This helper command is very simple, of course, but it is useful for people who are new to function writing, as it saves them having to look up what the basic structure of a function should be. Eventually, having written a few functions, writing this basic form of a function becomes second nature.

Add documentation markup

We do not want to leave the functions above in their present state. As simple as they are, we still want to write documentation that explains to the user what these functions do and how to use them. We write this documentation by adding roxygen2 comments above each function. These comments then get converted into R help pages.

Another very useful tool provided by the Code menu in RStudio is the Insert Roxygen Skeleton, whose keyboard shortcut is Ctrl + Shift + Alt + R. If we select the probs_to_odds function above, for example, and then choose Insert Roxygen Skeleton, or type Ctrl + Shift+ Alt + R, it adds in the following roxygen2 code above the function:

#' Title
#'
#' @param p 
#'
#' @return
#' @export
#'
#' @examples
probs_to_odds <- function(p) {
  p/(1-p)
}

Note that roxygen2 code is designated by the comment symbol followed by a ', i.e. #'.

We will now edit this code to write our documentation. Although there is a lot that we can do with roxygen2, see the roxygen2 package vignettes, we will keep things minimal. We will add a title, a description of what the function does, explain the input arguments, explain what the function returns, and provide examples of how to use the function. How to do this is best seen through an example, such as the following:

#' Convert probabilities to odds
#'
#' Odds are an alternative means to quantify probabilities of events.
#' If the probability of an event has a value `p`, the odds corresponding
#' to `p` is `p/(1-p)`.
#'
#' @param p A numeric vector of probabilities, which are values between 0.0 
#'  and 1.0.
#'
#' @return A numeric vector of odds, which are values between zero and infinity.
#' @export
#'
#' @examples
#' p <- c(0.25, 0.5, 0.75)
#' probs_to_odds(p)
probs_to_odds <- function(p) {
  p/(1-p)
}

As we can see, we write the title is the first line. There is a blank line after that, and then there is a paragraph. This paragraph is the function’s description. We then explain the meaning of the function’s input arguments. In this case, there is just one such argument. We then explain what type of object is returned by the function. The @export statement states that we want this probs_to_odds function to be exported by our package. When creating the documentation, roxygen2 will use this statement to edit the NAMESPACE file to state that probs_to_odds function is exported. Finally, we provide some examples of how this function should be used.

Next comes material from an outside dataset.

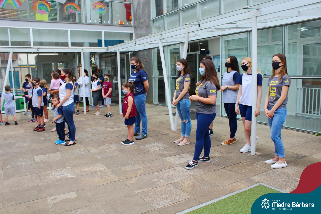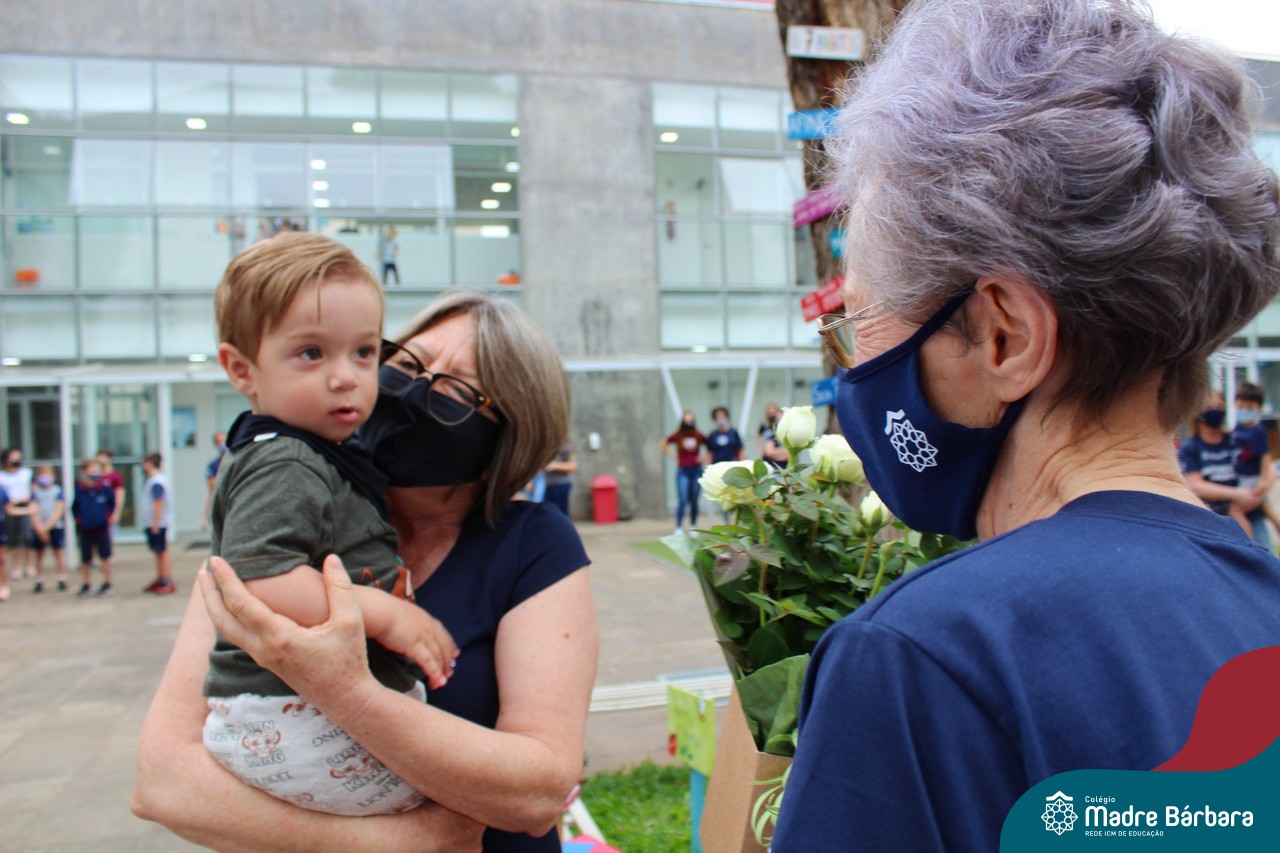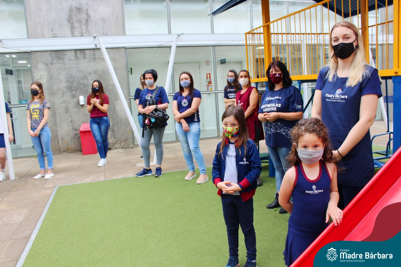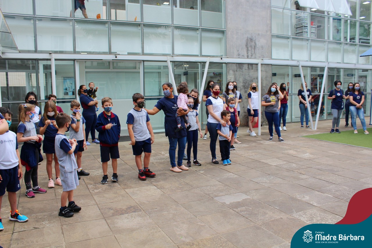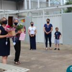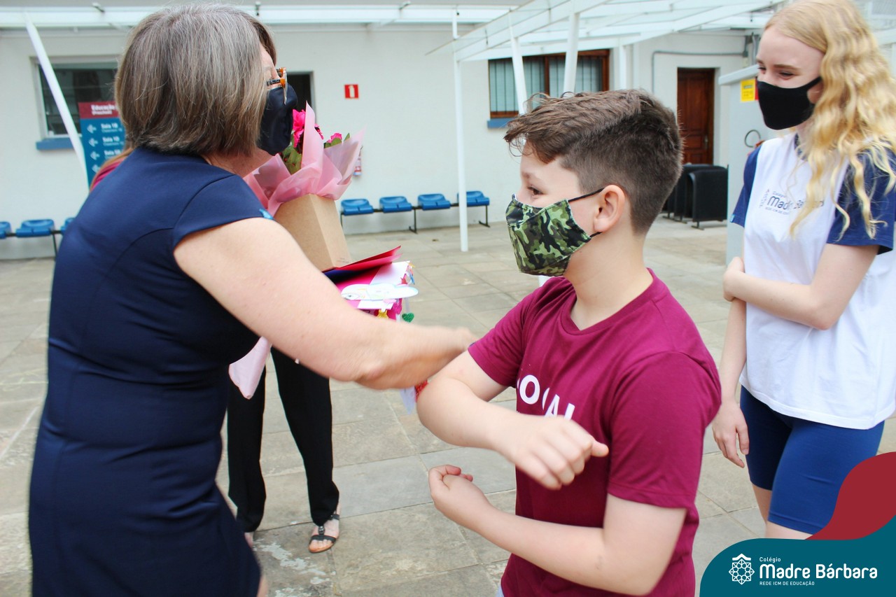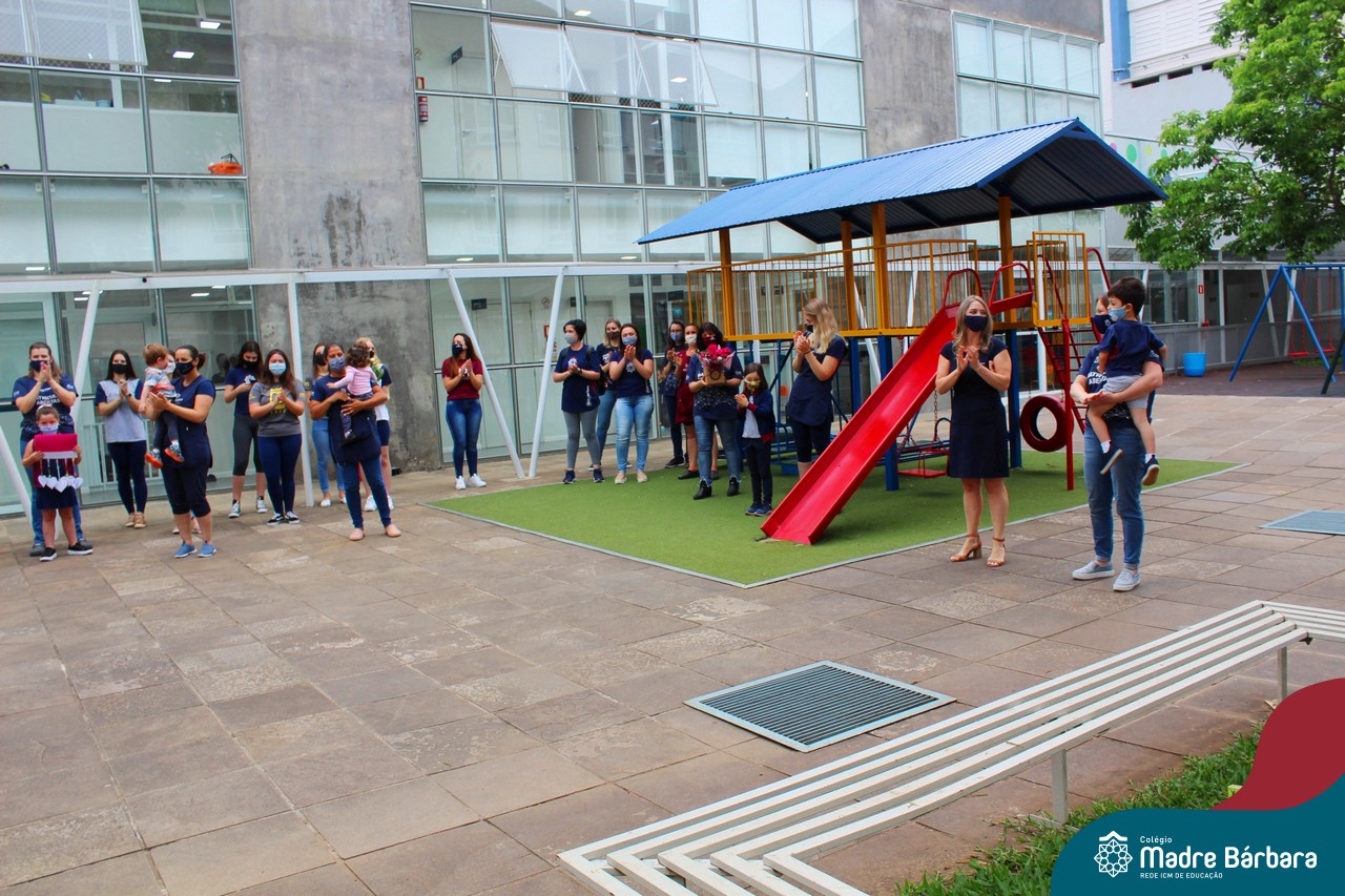 Nesta quinta-feira (12) representantes de alunos, pais, professores, funcionários e equipe diretiva estiveram homenageando a diretora Maria Elena Jacques e a vice-diretora Irmã Anita Dal Piva pelo Dia do Diretor. A ação ocorreu no pátio da educação infantil, de forma reduzida devido a pandemia e também com todos os protocolos de segurança. Parabéns diretora e vice-diretora! Obrigada por servirem ao Colégio Madre Bárbara – Rede ICM com tanto amor e dedicação.

When this roxygen2 code is processed by the documentation commands, which we will describe momentarily, it produces a help page for probs_to_odds that looks essentially like this:

Convert probabilities to odds

Description:

     Odds are an alternative means to quantify probabilities of events.
     If the probability of an event has a value 'p', the odds
     corresponding to 'p' is 'p/(1-p)'.

Usage:

     probs_to_odds(p)
     
Arguments:

       p: A numeric vector of probabilities, which are values between
          0.0 and 1.0.

Value:

     A numeric vector of odds, which are values between zero and
     infinity.

Examples:

     p <- c(0.25, 0.5, 0.75)
     probs_to_odds(p)

We can now write the roxygen2 documentation markup for all our functions. As before, in each case, we first highlight the function, choose Insert Roxygen Skeleton from the Code menu in RStudio, or press Ctrl + Alt + Shift + R, and this adds roxygen2 skeleton that we then edit. Having made all these edits, the logitfunctions.R now looks as follows:

#' Convert probabilities to odds
#'
#' Odds are an alternative means to quantify probabilities of events.
#' If the probability of an event has a value `p`, the odds corresponding
#' to `p` is `p/(1-p)`.
#'
#' @param p A numeric vector of probabilities, which are values between 0.0 
#'  and 1.0.
#'
#' @return A numeric vector of odds, which are values between zero and infinity.
#' @export
#'
#' @examples
#' p <- c(0.25, 0.5, 0.75)
#' probs_to_odds(q)
probs_to_odds <- function(p) {
  p/(1-p)
}

#' Convert odds to probabilities
#' 
#' This is the inverse of the function that calculates odds from probabilities.
#' For any given value of odds, the corresponding probability `p` where 
#' `odds = p/(1-p)` is returned.
#'
#' @param odds A numeric vector of non-negative values, representing odds.
#'
#' @return A numeric vector of probabilities.
#' @export
#'
#' @examples
#' odds <- c(1, 3, 9)
#' odds_to_probs(odds)
odds_to_probs <- function(odds){
  odds/(1 + odds)
}

#' Convert probabilities to log odds
#'
#' Log odds, also known as logits, are the logarithms, 
#' usually to the base of the natural logarithms, of odds.
#'
#' @param p A numeric vector of probabilities, which are values between 0.0 
#'  and 1.0.
#'
#' @return A numeric vector of logits, which are positive or negative real numbers.
#' @export
#'
#' @examples
#' p <- c(0.1, 0.25, 0.5, 0.9)
#' logit(p)
logit <- function(p) {
  log(p / (1 - p))
}

#' Convert logits to probabilities
#' 
#' This implements the inverse logit function. This function is also the 
#' cumulative distribution function of the logistic distributions, and so is 
#' available using the [stats::plogis()] function.
#'
#' @param log_odds A numeric vector of positive or negative real numbers that 
#'  represent log odds, also known as logits.
#'
#' @return A vector of probabilities, which are values between 0.0 and 1.0.
#' @export
#'
#' @examples
#' x <- rnorm(5)
#' ilogit(x)
ilogit <- function(log_odds) {
  1 / (1 + exp(- log_odds))
}

Note that in the documentation markup for ilogit, we have a reference to a function in another package, i.e. stats::plogis. This will create a hyperlink in to the help page for plogis in the help page for ilogit.

Step 5: Document & Load

We now can build all the documentation files, which also write necessary meta information to NAMESPACE. After that, we are ready to load the package into R, similarly to how we would load an installed package with the library() command.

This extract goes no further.